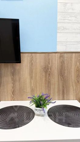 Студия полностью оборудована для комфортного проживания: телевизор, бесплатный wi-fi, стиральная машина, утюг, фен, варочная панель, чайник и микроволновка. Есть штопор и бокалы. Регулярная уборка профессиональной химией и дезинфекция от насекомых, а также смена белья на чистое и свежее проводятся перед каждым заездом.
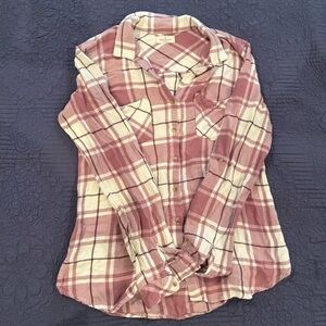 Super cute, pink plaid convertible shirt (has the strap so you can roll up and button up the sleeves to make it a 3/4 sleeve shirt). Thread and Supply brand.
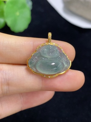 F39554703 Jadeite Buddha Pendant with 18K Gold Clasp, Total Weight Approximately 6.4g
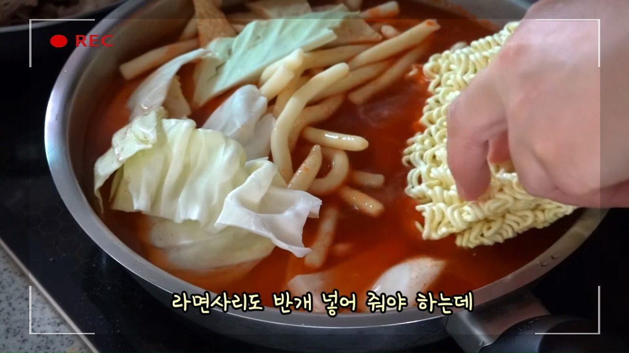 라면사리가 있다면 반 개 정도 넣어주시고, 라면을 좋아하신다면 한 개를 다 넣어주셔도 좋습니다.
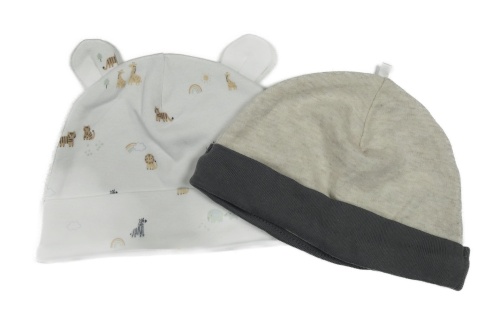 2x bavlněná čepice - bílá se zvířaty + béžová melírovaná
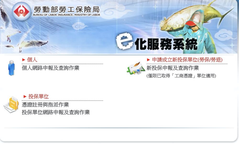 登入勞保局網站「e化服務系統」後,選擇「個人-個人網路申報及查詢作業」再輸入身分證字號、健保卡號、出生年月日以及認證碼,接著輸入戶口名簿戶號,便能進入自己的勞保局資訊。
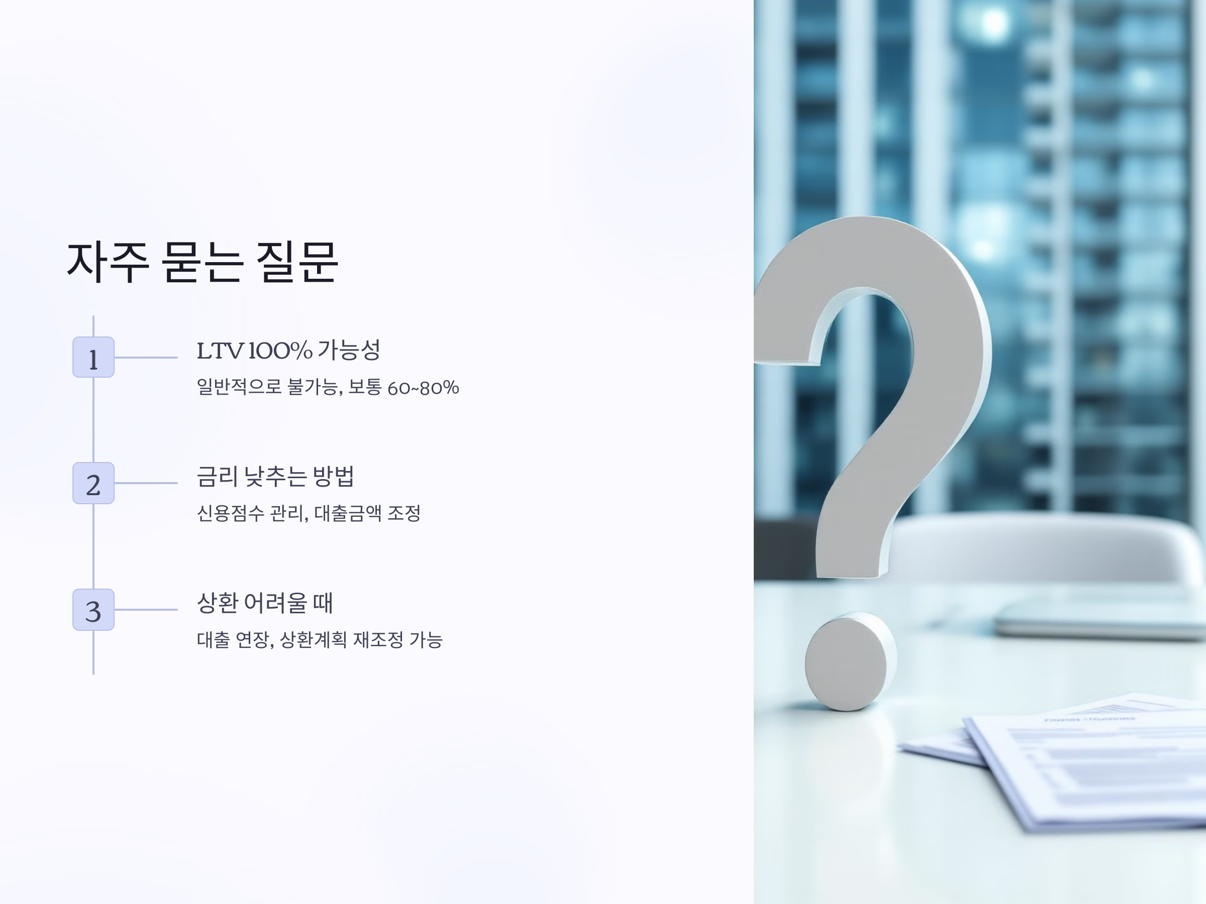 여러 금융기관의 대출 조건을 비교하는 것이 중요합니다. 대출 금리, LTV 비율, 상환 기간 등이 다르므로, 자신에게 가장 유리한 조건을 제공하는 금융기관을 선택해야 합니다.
════════════════════
*The task*
Write out each entry exactly as given, but skip the pictures.

*Solution to this exercise*
 Студия полностью оборудована для комфортного проживания: телевизор, бесплатный wi-fi, стиральная машина, утюг, фен, варочная панель, чайник и микроволновка. Есть штопор и бокалы. Регулярная уборка профессиональной химией и дезинфекция от насекомых, а также смена белья на чистое и свежее проводятся перед каждым заездом.
 Super cute, pink plaid convertible shirt (has the strap so you can roll up and button up the sleeves to make it a 3/4 sleeve shirt). Thread and Supply brand.
 F39554703 Jadeite Buddha Pendant with 18K Gold Clasp, Total Weight Approximately 6.4g
 라면사리가 있다면 반 개 정도 넣어주시고, 라면을 좋아하신다면 한 개를 다 넣어주셔도 좋습니다.
 2x bavlněná čepice - bílá se zvířaty + béžová melírovaná
 登入勞保局網站「e化服務系統」後,選擇「個人-個人網路申報及查詢作業」再輸入身分證字號、健保卡號、出生年月日以及認證碼,接著輸入戶口名簿戶號,便能進入自己的勞保局資訊。
 여러 금융기관의 대출 조건을 비교하는 것이 중요합니다. 대출 금리, LTV 비율, 상환 기간 등이 다르므로, 자신에게 가장 유리한 조건을 제공하는 금융기관을 선택해야 합니다.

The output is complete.